TASK TO COMPLETE: In the records that follow, find the line containing "2021年2月28日,在日本" and the line containing "Esterilizador digital para", then transcribe both and every line between them exactly, omitting pictures.

MATERIAL SUPPLIED:
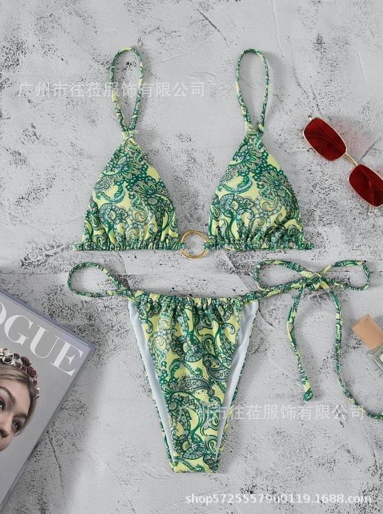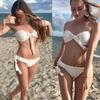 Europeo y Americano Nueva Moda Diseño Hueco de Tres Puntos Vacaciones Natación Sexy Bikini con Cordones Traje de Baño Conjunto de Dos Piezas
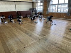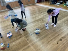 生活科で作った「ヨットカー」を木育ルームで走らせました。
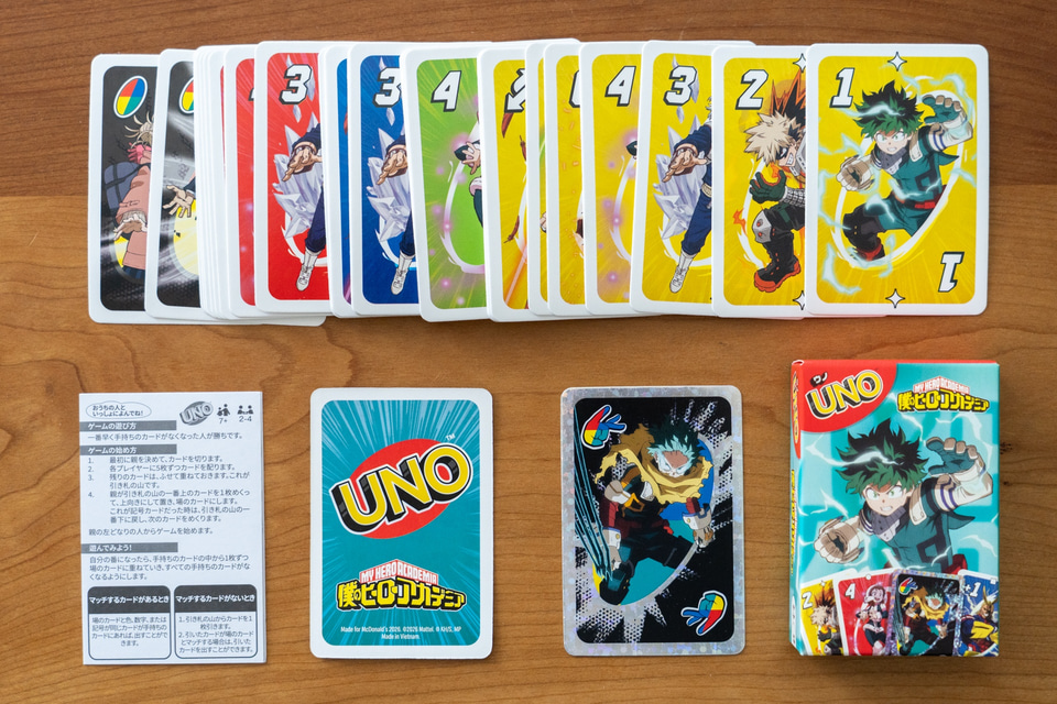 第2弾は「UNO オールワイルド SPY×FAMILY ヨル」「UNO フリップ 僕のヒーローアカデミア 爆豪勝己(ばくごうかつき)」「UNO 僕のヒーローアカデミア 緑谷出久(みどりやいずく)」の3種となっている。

--

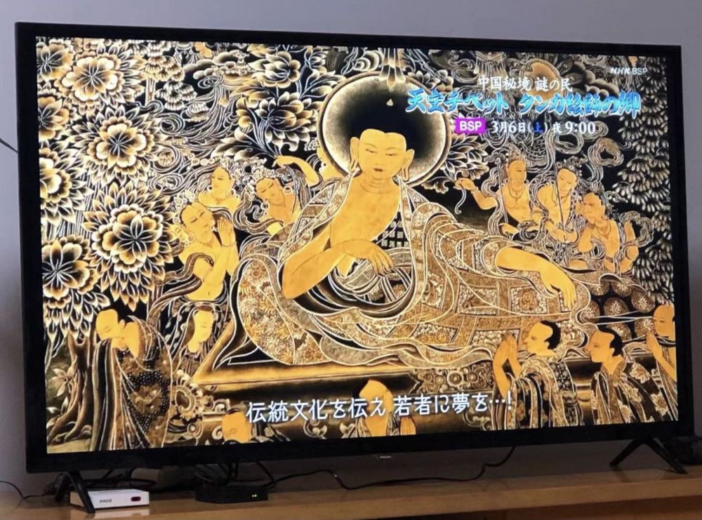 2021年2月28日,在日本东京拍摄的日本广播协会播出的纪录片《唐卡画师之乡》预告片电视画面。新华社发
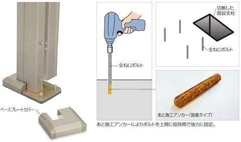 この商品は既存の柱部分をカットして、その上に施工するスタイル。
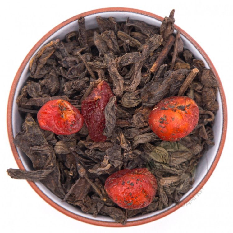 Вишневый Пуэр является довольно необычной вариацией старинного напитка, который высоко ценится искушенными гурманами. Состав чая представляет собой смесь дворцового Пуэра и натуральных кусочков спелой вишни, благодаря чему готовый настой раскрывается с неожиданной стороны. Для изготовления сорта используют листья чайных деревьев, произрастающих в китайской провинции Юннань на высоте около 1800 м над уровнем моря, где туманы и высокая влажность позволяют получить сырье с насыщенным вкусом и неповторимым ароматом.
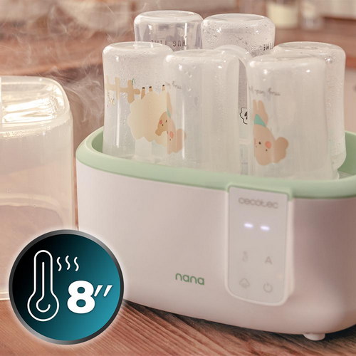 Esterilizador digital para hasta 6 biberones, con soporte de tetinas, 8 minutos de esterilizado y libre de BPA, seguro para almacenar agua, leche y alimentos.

WRITTEN ANSWER:
 2021年2月28日,在日本东京拍摄的日本广播协会播出的纪录片《唐卡画师之乡》预告片电视画面。新华社发
 この商品は既存の柱部分をカットして、その上に施工するスタイル。
 Вишневый Пуэр является довольно необычной вариацией старинного напитка, который высоко ценится искушенными гурманами. Состав чая представляет собой смесь дворцового Пуэра и натуральных кусочков спелой вишни, благодаря чему готовый настой раскрывается с неожиданной стороны. Для изготовления сорта используют листья чайных деревьев, произрастающих в китайской провинции Юннань на высоте около 1800 м над уровнем моря, где туманы и высокая влажность позволяют получить сырье с насыщенным вкусом и неповторимым ароматом.
 Esterilizador digital para hasta 6 biberones, con soporte de tetinas, 8 minutos de esterilizado y libre de BPA, seguro para almacenar agua, leche y alimentos.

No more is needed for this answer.